17 MİLYAR DOLARA KADAR KAMU GELİRİ SAĞLAR
Zira Türkiye ithal ettiği ürünlerin yüzde 90'ını yerli olarak üretebilecek altyapıya sahip. Hesaplamalara bakıldığında Çin, Hindistan, Japonya ve Güney Kore’ye yüzde 30 gümrük vergisi uygulanması halinde yaklaşık 30 milyar dolarlık ithal ürün, Türkiye’de üretilebilir hale gelecek. Vergi önlemi sayesinde cari açık 30 milyar dolar düzeyinde iyileşecek. Geriye kalan 35,8 milyar dolarlık ithalat üzerinden alınacak yüzde 30 vergiyle yıllık yaklaşık 12 milyar dolar kadar kamu geliri elde edilecek.

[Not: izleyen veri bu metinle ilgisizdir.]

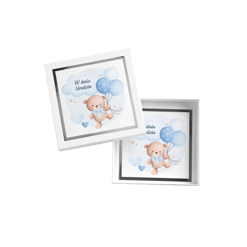 ⭐Kartka okolicznościowa w pudełku na URODZINY - NIEBIESKI MIŚ⭐

HER AY 1 FABRİKA KURABİLİRİZ
Sağlanan kamu geliri, yeni bir "Yerli Üretim ve Sanayi Yatırım Modeli"ne dönüşebilecek. Vergi gelirlerinin doğrudan kamu yatırımlarına dönüştürülmesiyle, her ay 1 milyar dolarlık sanayi yatırımı yapılabilecek. Uygulanacak model kapsamında yılda 12 stratejik sanayi tesisi devlet öncülüğünde kurulabilecek. Tesisler başta makine, elektronik, otomotiv yedek parçaları, pil teknolojileri, tekstil ve kimya olmak üzere ithalata bağımlı sektörlerde yerli üretim kapasitesi oluşturacak. Her tesis ortalama binlerce kişiye istihdam sağlayacak ve bölgesel kalkınma ekseninde Anadolu’da sanayi kümelenmelerini teşvik edecek.

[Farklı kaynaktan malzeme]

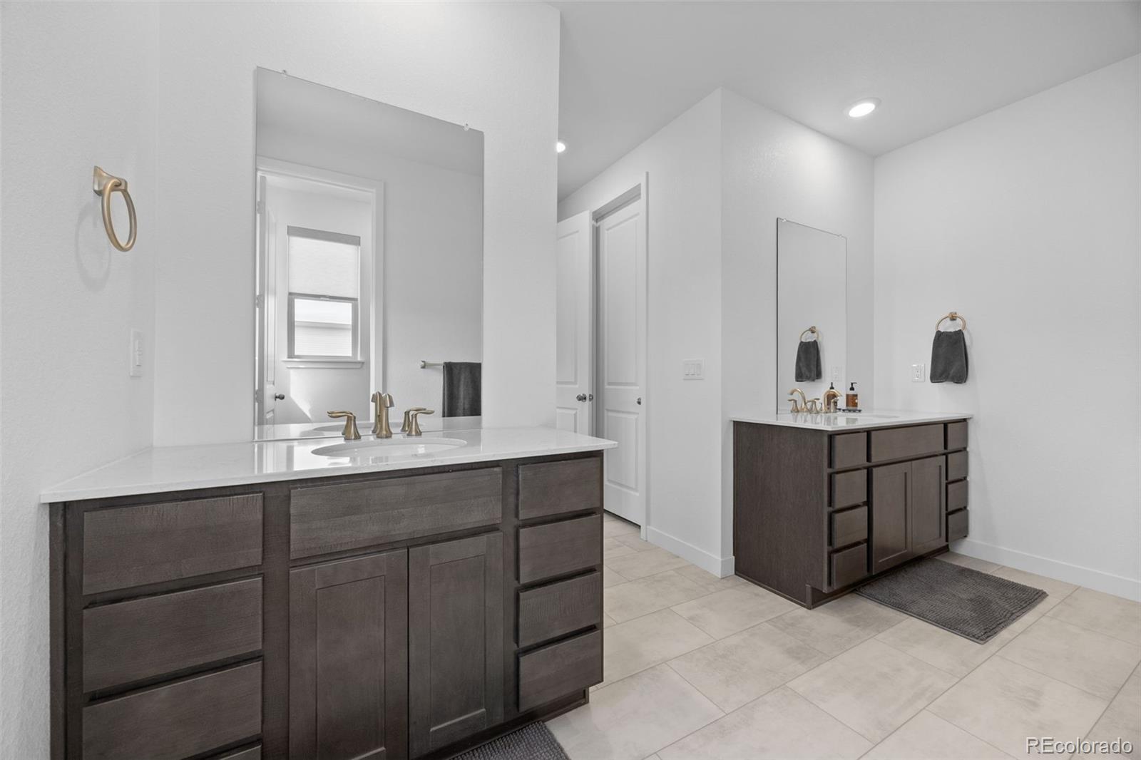 The primary suite features two walk in closets, en suite bathroom with dual vanities and a spa-style feel.

Özel sektöre 4 milyar dolarlık teşvik paketi
- Elde edilecek kamu gelirlerinin yıllık 4 milyar dolarlık kısmı da özel sektör desteklerine ayrılabilecek. Hayata geçirilecek destek mekanizması, KOBİ’lerin ithalatçıdan üreticiye dönüşümünü sağlayacak. Ar-Ge destekleri, teknoloji transferi hibeleri, yatırım kredileri ile yerli üreticinin küresel rekabette güçlenmesini mümkün kılacak. İhracata hazırlık ve ürün geliştirme süreçlerini finanse edecek altyapı da oluşacak.

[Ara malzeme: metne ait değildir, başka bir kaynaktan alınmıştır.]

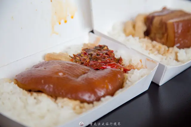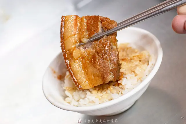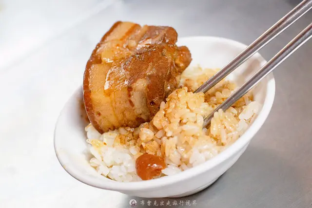 肥一點的魯肉飯帶皮多一些,其實就是以前的腿庫飯,咬下去整個滑嫩肥滋滋感,很邪惡卻很滿足,上方皮的部份咬下去整個都化開,超入味,鹹甘鹹甘,而且皮下面的油脂煮到都化開就只剩下膠質,豬肉的部份咬起來完全都不柴,也很鮮嫩好吃,加上店家特製的辣醬,超夠味的。
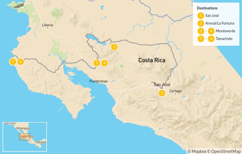 Map of Diverse Costa Rica: Arenal, Monteverde & Tamarindo – 7 Days

Kur baskısı azalacak enflasyon düşecek
- Bütüncül vergi ve üretim modeli ile Türkiye’nin ithalata bağımlılığı azalacak. Net ihracat artacak; ithal ürünlerin sebep olduğu fiyat baskısının kalkmasıyla yerli üreticiler iç pazarda rekabet gücünü büyütecek. TL üzerindeki döviz baskısı azalacak, kur istikrar kazanacak. Arz bolluğu neticesinde enflasyon da düşecek. Özellikle elektronik, beyaz eşya ve plastik mamuller gibi ölçek ekonomisine geçebilecek sektörlerde dış pazarlara erişim hızlanacak ve ihracat gelirleri yükselerek büyümeye net katkı sunacak.
Türkiye'nin ekonomik bağımsızlığı daha da güçlenip gelişecek
- Yeni modelin getirileri sayesinde Türkiye’nin ekonomik bağımsızlığı güçlenecek, stratejik sektörlerde öz yeterlilik geliştirilecek. Toplumsal refah ve gelir dağılımı dengesi toparlanacak. Asya menşeli ürünlere yönelik yüzde 30 gümrük vergisi, yalnızca ithalatı azaltmayacak, aynı zamanda Türkiye'nin kendi içinde üretim yapan, istihdam oluşturan, döviz kazandıran bir yapıya kavuşmasına imkan tanıyacak.